# Try it
Could you print the stretch of lines below from the one with "TD($\lambda$)는 시간을 거꾸로" through the one with "Add a touch", exactly as they stand and without any pictures?

# Data for review

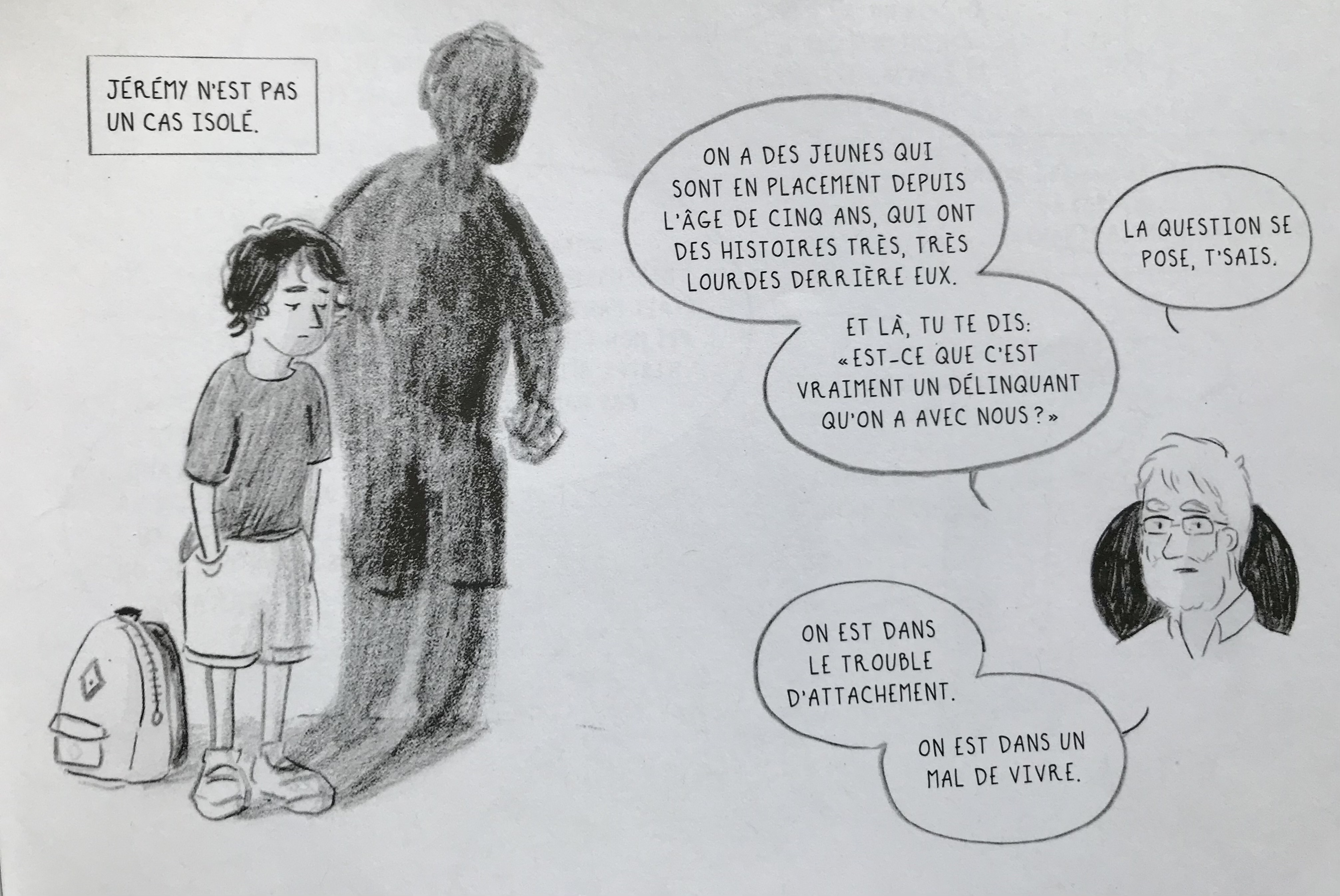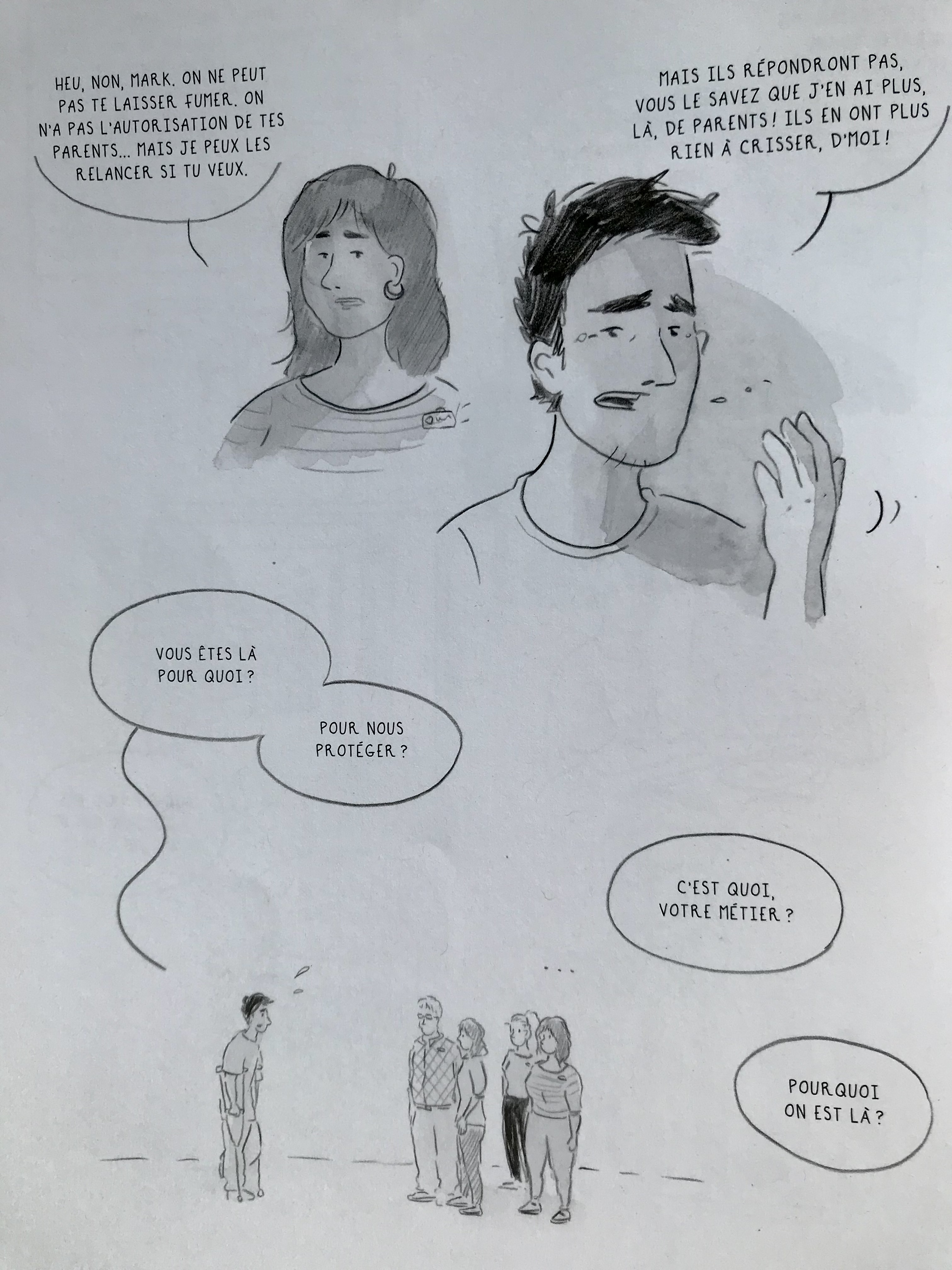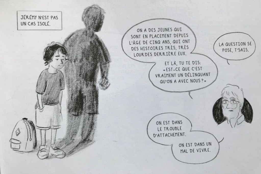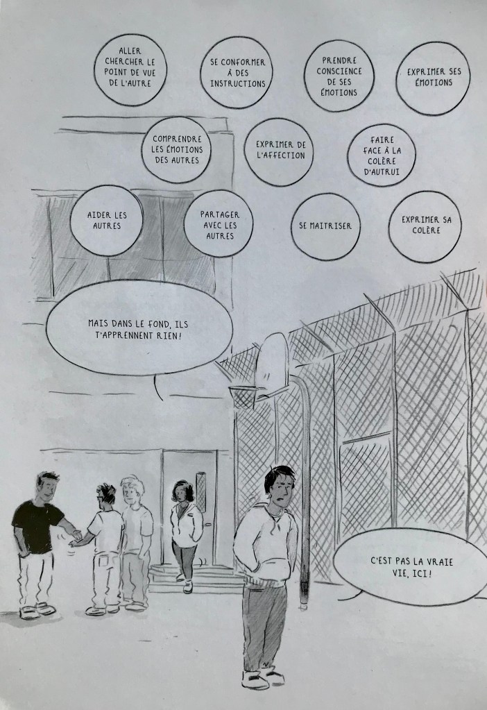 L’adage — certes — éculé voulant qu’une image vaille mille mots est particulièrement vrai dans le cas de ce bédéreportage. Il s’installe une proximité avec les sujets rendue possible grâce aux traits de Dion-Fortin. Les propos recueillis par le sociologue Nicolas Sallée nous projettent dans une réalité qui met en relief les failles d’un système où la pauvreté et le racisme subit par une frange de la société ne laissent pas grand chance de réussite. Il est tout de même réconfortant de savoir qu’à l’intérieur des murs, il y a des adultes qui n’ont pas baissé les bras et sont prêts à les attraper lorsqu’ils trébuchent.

---

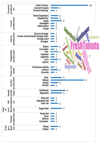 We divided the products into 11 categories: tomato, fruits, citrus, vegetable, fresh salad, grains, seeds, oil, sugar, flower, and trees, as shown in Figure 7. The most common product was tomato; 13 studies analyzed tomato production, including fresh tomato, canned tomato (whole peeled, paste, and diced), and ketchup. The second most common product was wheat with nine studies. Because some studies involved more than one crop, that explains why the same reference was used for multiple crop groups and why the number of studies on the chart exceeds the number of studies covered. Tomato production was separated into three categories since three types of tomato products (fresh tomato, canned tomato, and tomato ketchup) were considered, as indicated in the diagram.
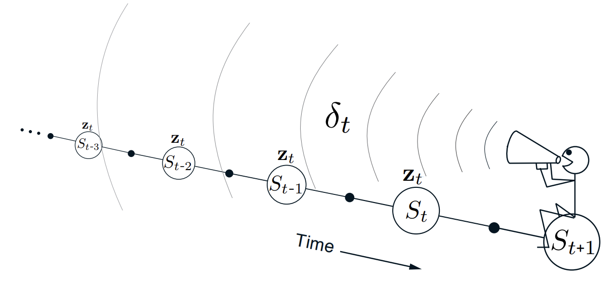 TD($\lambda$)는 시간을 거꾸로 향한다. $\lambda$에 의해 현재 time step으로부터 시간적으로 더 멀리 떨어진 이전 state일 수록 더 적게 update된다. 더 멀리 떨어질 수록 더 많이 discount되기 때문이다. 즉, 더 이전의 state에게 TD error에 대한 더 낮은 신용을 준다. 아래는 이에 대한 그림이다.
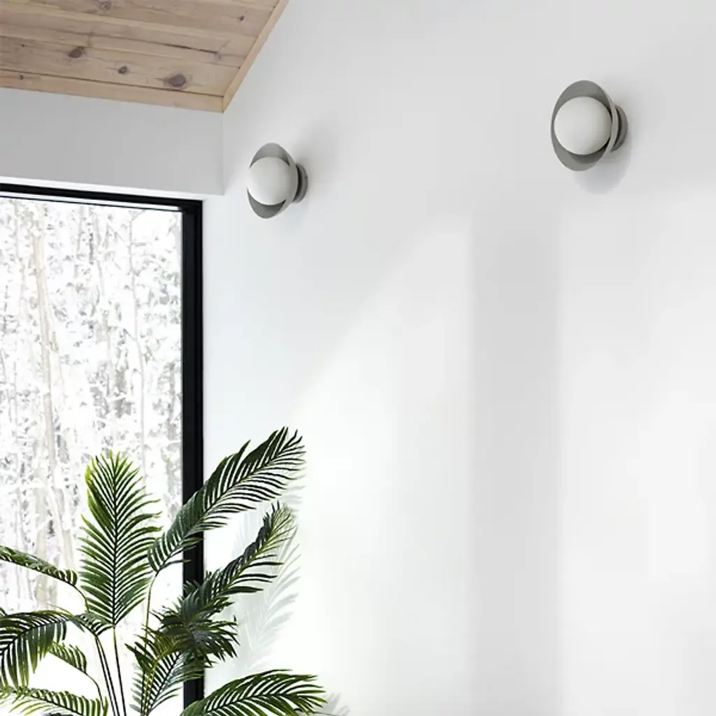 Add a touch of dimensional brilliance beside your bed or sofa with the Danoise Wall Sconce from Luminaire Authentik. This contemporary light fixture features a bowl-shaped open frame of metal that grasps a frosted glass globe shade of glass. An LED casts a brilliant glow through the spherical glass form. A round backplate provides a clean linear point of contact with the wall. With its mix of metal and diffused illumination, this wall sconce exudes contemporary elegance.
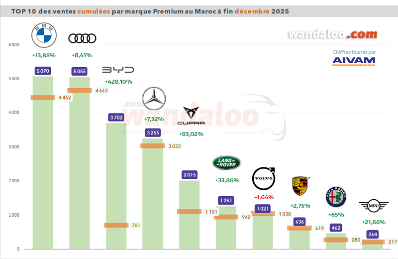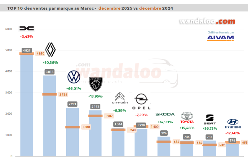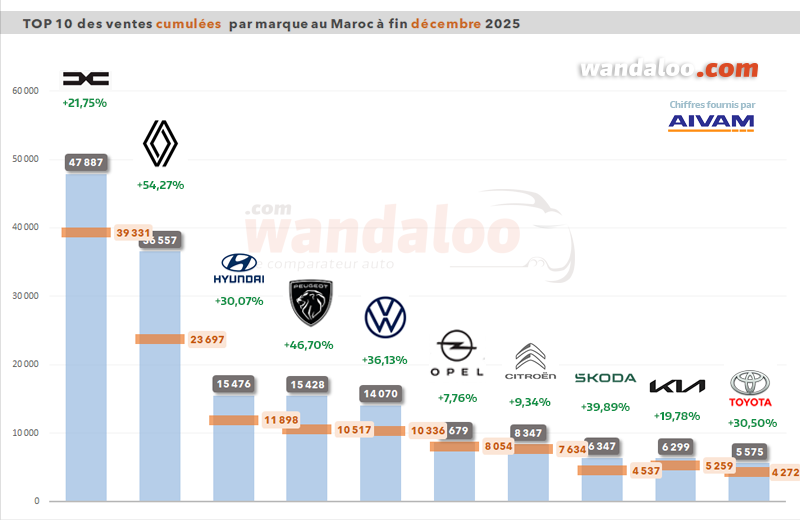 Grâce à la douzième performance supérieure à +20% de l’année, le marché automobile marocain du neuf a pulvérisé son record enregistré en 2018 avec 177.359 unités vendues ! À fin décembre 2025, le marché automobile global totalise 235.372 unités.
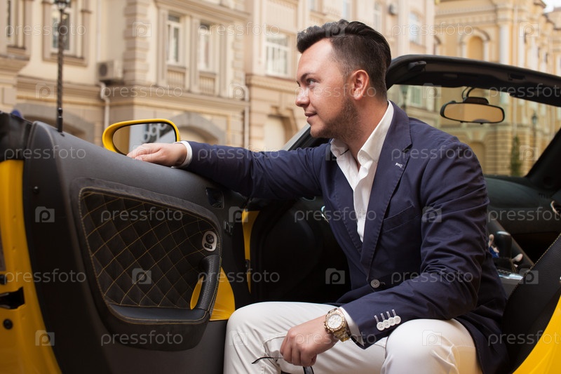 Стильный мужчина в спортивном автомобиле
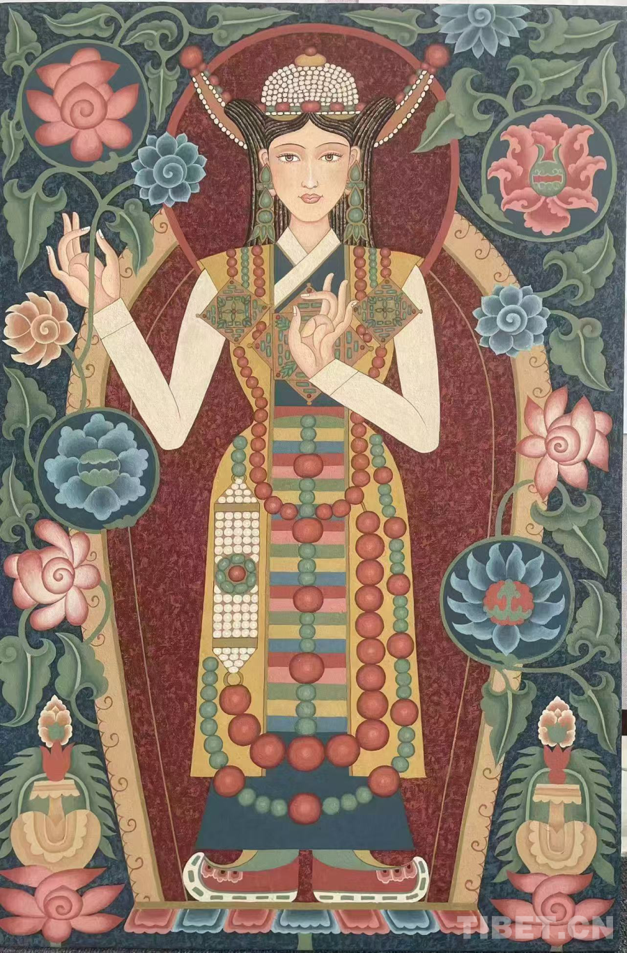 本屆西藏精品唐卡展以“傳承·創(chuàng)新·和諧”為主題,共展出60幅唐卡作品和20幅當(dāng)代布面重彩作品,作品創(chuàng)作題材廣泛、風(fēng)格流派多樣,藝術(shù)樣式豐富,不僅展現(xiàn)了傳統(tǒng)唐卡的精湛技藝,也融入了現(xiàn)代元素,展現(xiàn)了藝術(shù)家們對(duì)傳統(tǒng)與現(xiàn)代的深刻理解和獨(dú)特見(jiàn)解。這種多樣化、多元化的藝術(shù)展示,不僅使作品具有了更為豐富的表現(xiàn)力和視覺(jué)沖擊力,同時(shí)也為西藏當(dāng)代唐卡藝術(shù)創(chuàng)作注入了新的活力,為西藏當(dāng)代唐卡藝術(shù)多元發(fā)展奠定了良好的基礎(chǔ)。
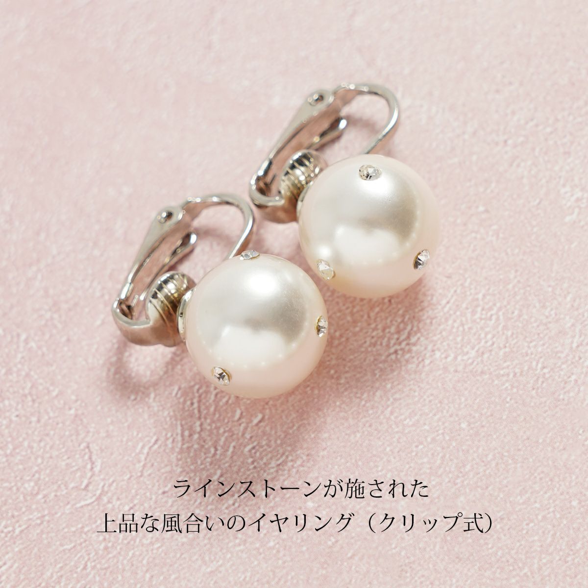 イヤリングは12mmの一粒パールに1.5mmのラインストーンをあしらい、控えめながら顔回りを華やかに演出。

# Answer
 TD($\lambda$)는 시간을 거꾸로 향한다. $\lambda$에 의해 현재 time step으로부터 시간적으로 더 멀리 떨어진 이전 state일 수록 더 적게 update된다. 더 멀리 떨어질 수록 더 많이 discount되기 때문이다. 즉, 더 이전의 state에게 TD error에 대한 더 낮은 신용을 준다. 아래는 이에 대한 그림이다.
 Add a touch of dimensional brilliance beside your bed or sofa with the Danoise Wall Sconce from Luminaire Authentik. This contemporary light fixture features a bowl-shaped open frame of metal that grasps a frosted glass globe shade of glass. An LED casts a brilliant glow through the spherical glass form. A round backplate provides a clean linear point of contact with the wall. With its mix of metal and diffused illumination, this wall sconce exudes contemporary elegance.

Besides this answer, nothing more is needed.